- **Problem to work on**:
Would you transcribe the entries below, beginning at the line with "MICHAEL KORS Lillie 大圓標Logo防潑水滿版MK平底娃娃鞋(咖啡色)" and ending after the line with "Einige Wochen ist", exactly, with no picture and nothing more?

- **Stored data**:
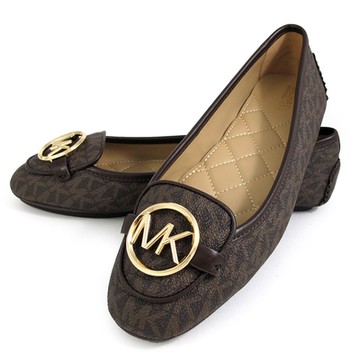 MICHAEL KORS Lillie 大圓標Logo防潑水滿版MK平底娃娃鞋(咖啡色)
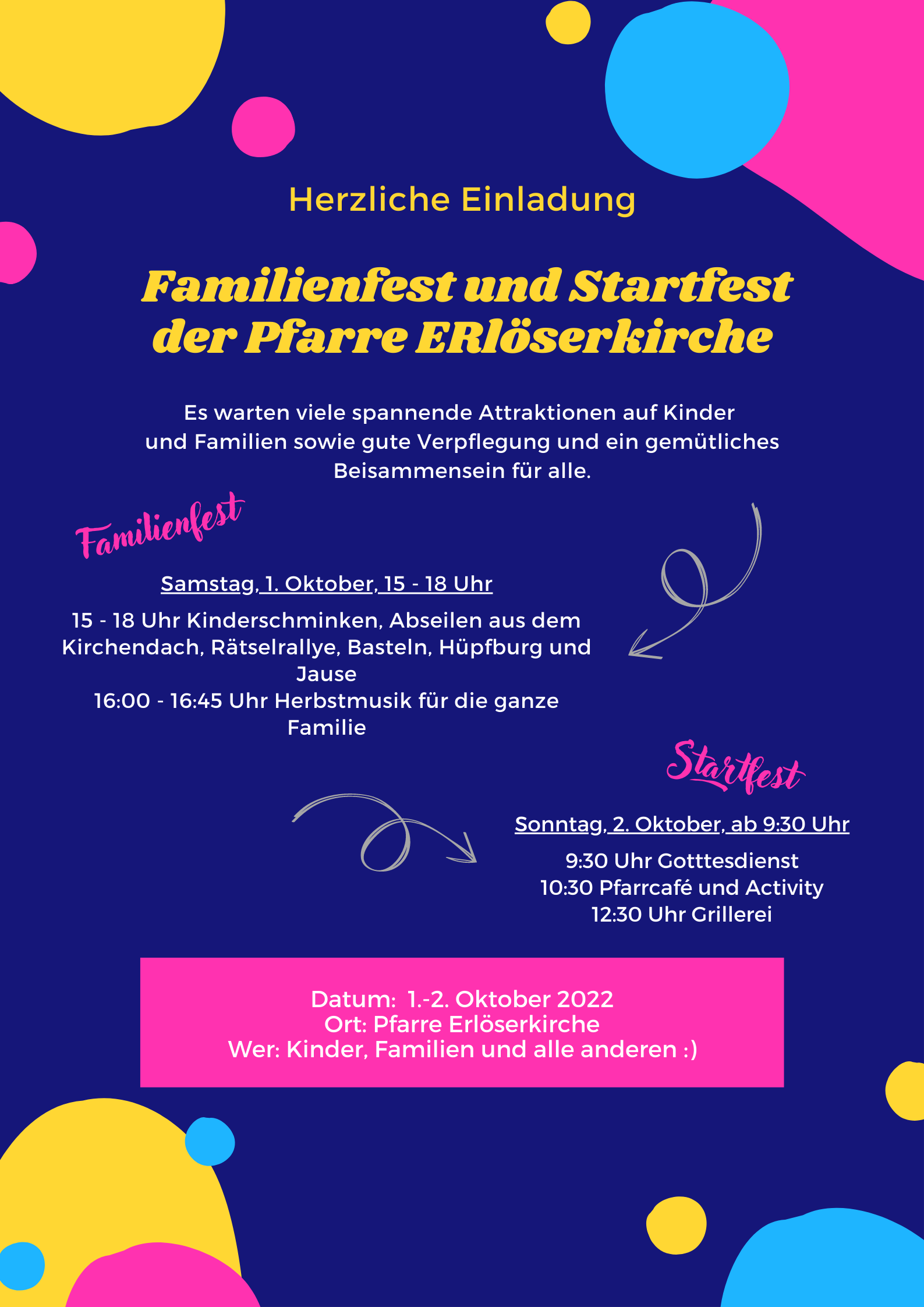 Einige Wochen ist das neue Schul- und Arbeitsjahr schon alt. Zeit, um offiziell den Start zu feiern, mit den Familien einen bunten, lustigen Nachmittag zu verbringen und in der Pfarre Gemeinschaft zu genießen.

...

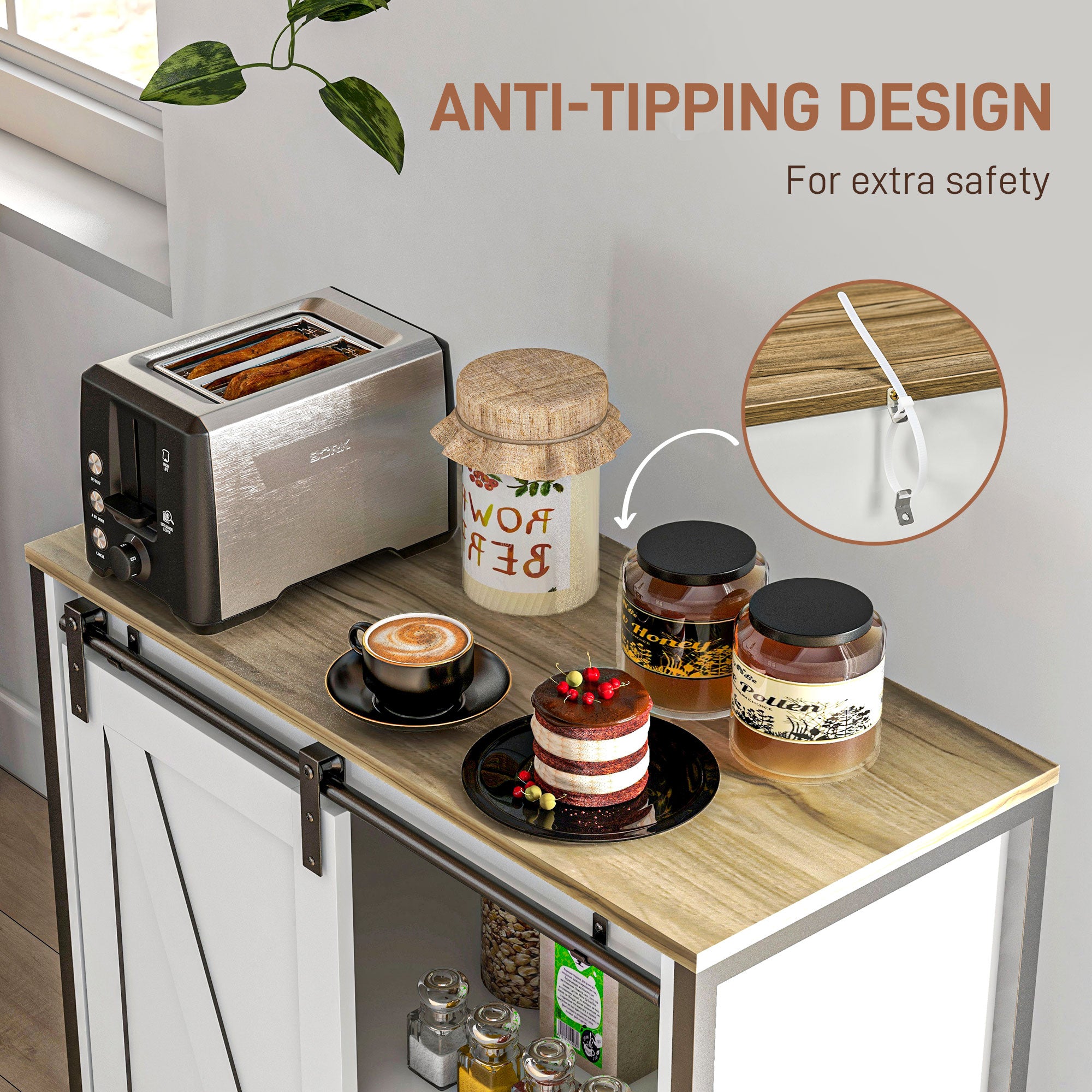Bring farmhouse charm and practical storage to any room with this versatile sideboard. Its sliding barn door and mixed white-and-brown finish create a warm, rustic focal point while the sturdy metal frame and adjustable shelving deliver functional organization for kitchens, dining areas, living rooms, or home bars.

--

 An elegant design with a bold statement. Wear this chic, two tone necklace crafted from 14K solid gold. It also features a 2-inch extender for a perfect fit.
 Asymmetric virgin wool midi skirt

- **Solution for this problem**:
 MICHAEL KORS Lillie 大圓標Logo防潑水滿版MK平底娃娃鞋(咖啡色)
 Einige Wochen ist das neue Schul- und Arbeitsjahr schon alt. Zeit, um offiziell den Start zu feiern, mit den Familien einen bunten, lustigen Nachmittag zu verbringen und in der Pfarre Gemeinschaft zu genießen.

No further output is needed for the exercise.